ESP32 IR-Triggered Camera with Home Assistant Integration

Updated 06 February 2022

I love the ESP line-up. I started by messing around with the ESP8266 and I completely fell in love with it. The 8266 is all I ever wanted from a microcontroller:  WIFI connectivity, a decent amount of GPIO, a deep-sleep mode for battery operation and it is dirt cheap.

The ESP8266 found its way into many projects, and every time I had tons of fun integrating it, so when the folks at Espressif released the ESP32, I was beyond happy.

Among all the development boards based on the ESP32 that are circulating around, one caught my attention, the ESP32-CAM. This little mighty board offers wifi connectivity, onboard voltage regulation, LED Flash, Micro sd card reader, and a 2MP Camera.

The cherry on top of the cake was when I found out about Home assistant and ESPHome. Two months in the Home assistant rabbit hole later I came back victorious.

In this project, we will set up a Home Assistant instance on an RPi 4 and connect the ESP32-CAM to it with a motion sensor for presence detection and automation.

Parts List

A Raspberry Pi with the Parts List mounted onto it

Getting Home Assistant Ready

  1. First thing first we need to set up Home Assistant on the RPi, grab a copy of HA from here also you will need Balena Etcher or the Raspberry Pi Imager to flash the image on the sd card.
  2. Once you have flashed the image on the sd card, connect your RPi to your modem via ethernet (this is very important, you can technically use the onboard wifi on your raspberry but Home Assistant needs a solid connection, depending on multiple factors a wifi connection could be unstable resulting in frustration down the road, trust me, staying up until 3 am troubleshooting why I could not connect to HA only to find out that my neighbor’s microwave oven was interfering with the wifi is no fun)
  3. Now put the micro sd card into the Pi and boot all the way.
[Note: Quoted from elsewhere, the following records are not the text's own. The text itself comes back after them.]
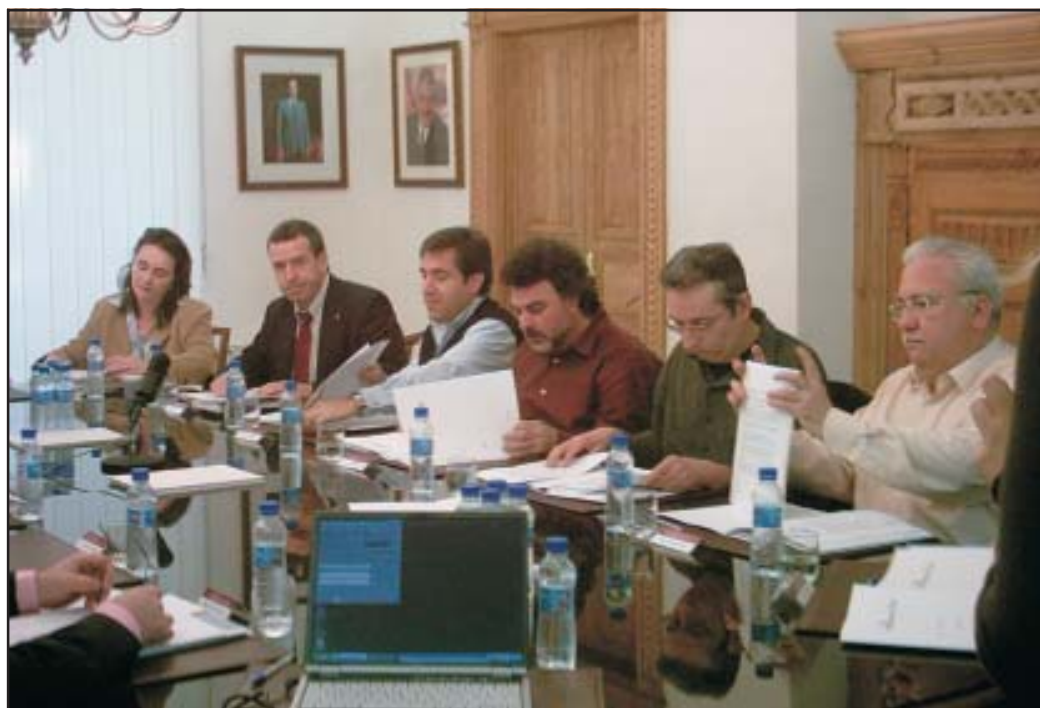
Eth grop d'UA en Conselh Generau.

Aguesta mocion rebotjada se base ena redaccion d'un Catalòg qu'aurie un inventari des valors paisatgistics e ua
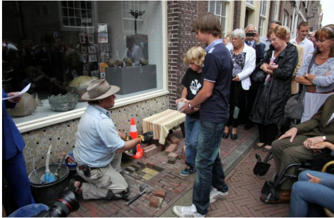
Achter-achterkleinzonen geven steentjes.
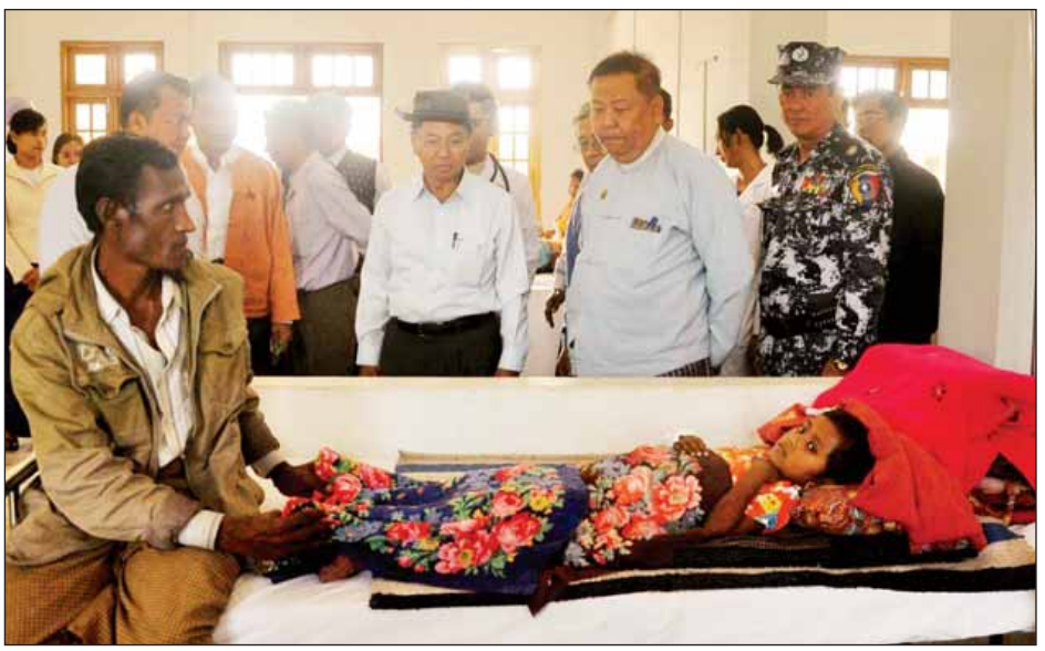
ခုတင် (၅၀)ဆံ့ မောင်တောခရိုင် ပြည်သူ့ဆေးရုံ၌ ကျန်းမာရေးစောင့်ရှောက်ပေးနေမှုအခြေအနေများကို ကော်မရှင်ဥက္ကဋ္ဌ ဒုတိယသမ္မတ ဦးမြင့်ဆွေ ကြည့်ရှုစစ်ဆေးစဉ်။ (သတင်းစဉ်)

ဦးရဲထွဋ်က ကုန်သွယ်ရေးဇုန်၏ စီမံကိန်းဆိုင်ရာအချက်အလက်များ၊ ဆောင်ရွက်ဆဲလုပ်ငန်းများ၊ ဆက်လက် ဆောင်ရွက်မည့်လုပ်ငန်းများ၊ တည်ဆောက်ပြီးဖြစ်သည့် အဆောက်အအုံများနှင့် ကညင်ချောင်း ဆိပ်ခံတံတား တို့ကို လိုက်လံရှင်းလင်းပြသသည်။ ကညင်ချောင်းကုန်သွယ်ရေးဇုန်သည် စီးပွားရေး ဖွေးကွက်စနစ်၏ လိုအပ်ချက်နှင့်အညီ ပြည်တွင်းထွက်ကုန် ပစ္စည်းများအပေါ် ဝယ်ယူဈေးကွက်မှ ရောင်းသူဈေးကွက် ဖြစ်ပေါ်လာစေရန်၊ ကုန်သွယ်မှုပမာဏတိုးမြှင့်လာစေရန် နှင့် ကုန်တင်သင်္ဘောများ အချိန်မရွေးဆိုက်ကပ်နိုင်ရန် ရည်ရွယ်ချက်ဖြင့် အကောင်အထည်ဖော်ဆောင်ရွက်ခြင်း ဖြစ်ကြောင်း ပြည်နယ်ဝန်ကြီးချုပ်က ဖြည့်စွက်ရှင်းလင်း သည်။ မောင်တောခရိုင်သည် ဖွံ့ဖြိုးမှုအလားအလာကောင်း သည့် ဒေသတစ်ခုဖြစ်သည့်အပြင် တစ်ဖက်နိုင်ငံ၏ ဝယ်ယူ အားပမာဏများပြားခြင်းတို့ကြောင့် အခြားနယ်စပ်ဒေသ ကုန်သွယ်ရေးဇုန်များနှင့် နှိုင်းယှဉ်လျှင် သွင်းကုန်ထက် ပို့ကုန်ကို ဦးစားပေးဆောင်ရွက်နိုင်သည့် အခြေအနေ ကောင်းများရှိကြောင်း သိရသည်။ (သတင်းစဉ်)
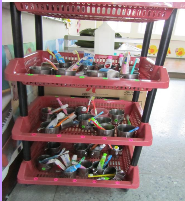
班級牙刷用具擺放整齊

The first boot will take some time, so don't be afraid if nothing happens for a while.
  4. Log into your modem and you should see a page that lists all the devices connected. It could be under the DHCP page or under the device section, this is different for every router. If you get stuck google your router’s make and model, you will be very likely to find the manuals or someone with the same problem.
  5. Once you reach the device page you should see your Raspberry Pi happily sitting on your network. Note down the Pi's IP address and add a static entry for it in your router’s DHCP settings (this is not necessary but I strongly recommend doing so)
  6. It is time to connect to Home Assistant, open a browser while you connected to your home LAN, and paste this into the address bar: http://homeassistant.local:8123/
  7. Alternatively, if this address does not work you can use the Pi IP address that we noted down before.
  8. For example, my Pi address is therefore the Home Assistant dashboard address will be 
  9. Your address will be different just substitute your Pi address into the above address.

Once you have successfully connected to Home Assistant, go through the setup process.

Adding on the Add-Ons

At this point you should have a running Home Assistant instance on your Pi, it’s time to add-on and add-on hard! First, we need to get an ESPHome add-on from the add-on store in Home Assistant.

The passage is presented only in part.